*skok w czasie*
* wrzesień 1980r.*- Wow, Alice wyglądasz pięknie!- pisneła uradowana Freya Revll
- Dziękuję Freya- Odpowiedziała dziewczyna.
- Alice to ty? Wyglądasz bosko!- krzyknęła uradowana Avalone McCarter, wchodząc do garderoby.
- Hej nie widziałyście mojej...- drzwi otworzyły się, a w nich stanął na szczęście Syriusz Black.
- Merlinie! Syriusz myślałam że to Frank- powiedziała Ava- chodź kochanie, twoja muszka jest u nas w mieszkaniu, Będziemy na ślubie- dodała i wyszli z pokoju.
- Spóźnią się- stwierdziła Freya- jak zawsze, kiedy idą razem do mieszkania.
***
- A co jeśli ona zrezygnuje i ucieknie?- zapytał zaniepokojony Frank Longbottom.
- Stary...- zaczął James Potter, ale nie dokończył, ponieważ do pokoju weszła Amanda Argent.
- Nie ucieknie bo kocha Cię nad życie- powiedziała wchodząc do pokoju- proszę twoja muszka- podała przedmiot.
- Amy... umiesz ją założyć? No Bo wiesz...
Dziewczyna zaśmiała się ale pomogła założyć panu młodemu czarną muszke. Cały czas czuła na sobie intensywne spojrzenie okularnika.

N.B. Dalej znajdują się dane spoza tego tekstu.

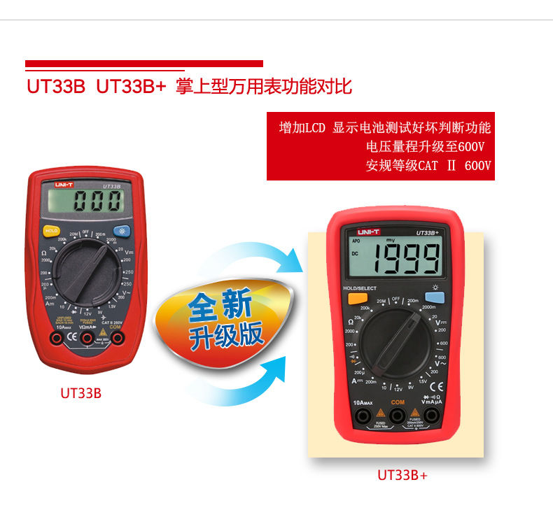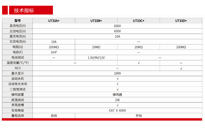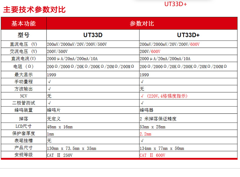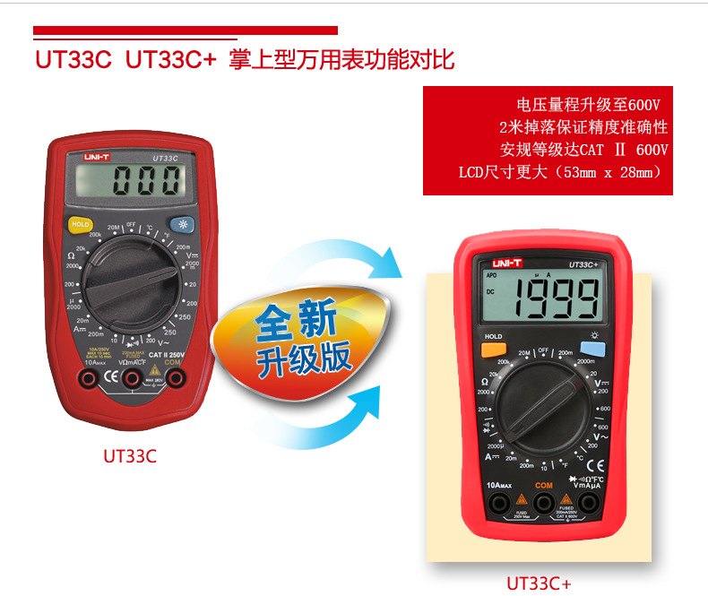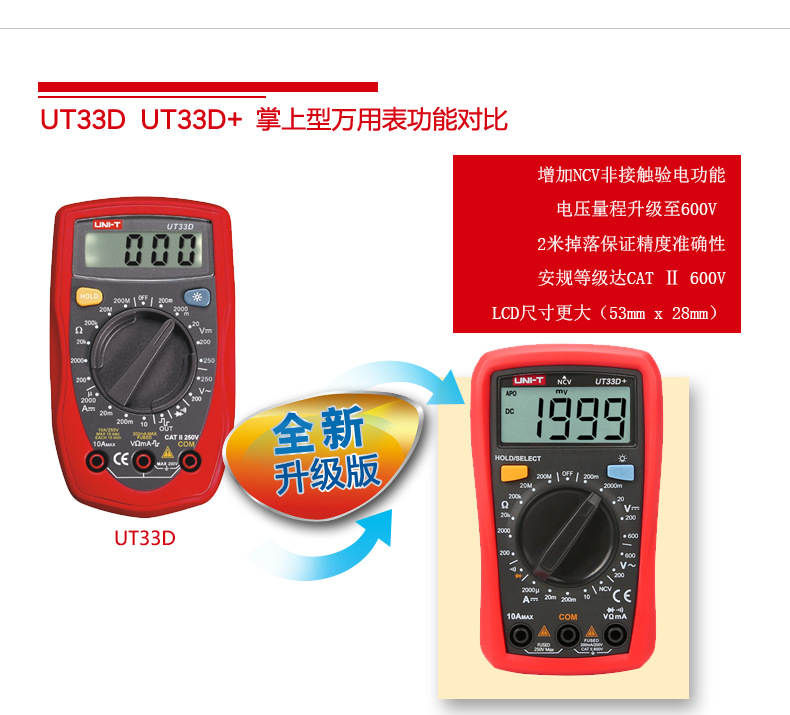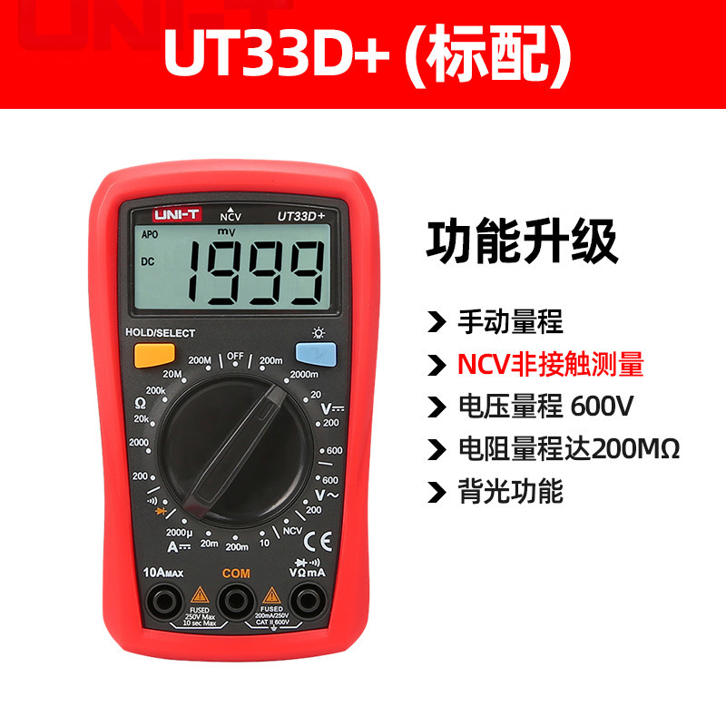 优利德(UNI-T)UT33D+万用表数字高精度万用表万能表测电容万能表

- No i proszę- uśmiechnęła się- idę przebrać się w sukienkę, jedziesz do mieszkania?- zwróciła się do Jamesa.
- Tak, muszę ubrać garnitur- powiedział i ruszył do drzwi- do zobaczenia na ślubie Frnak.
- Tak, tak idźcie już- mruknął- Jamy życiem- zaśmiał się gdy wyszli z pokoju.
***
- Dorcas, skarbie która godzina?- zapytał zaspany Remus Lupin.
Od początku związku z Dorcas Meadows, Remus bardzo się zmienił. Stał się bardziej pewny siebie i stanowczy.
- Jest.... o kurwa 9!- krzyknęła Dorcas, po czym szybko wstała z łóżka, i zaczęła się ubierać. Byli tak zmęczeni, po wczorajszej nocy, że o mały włos nie zaspali na ślub ich przyjaciół.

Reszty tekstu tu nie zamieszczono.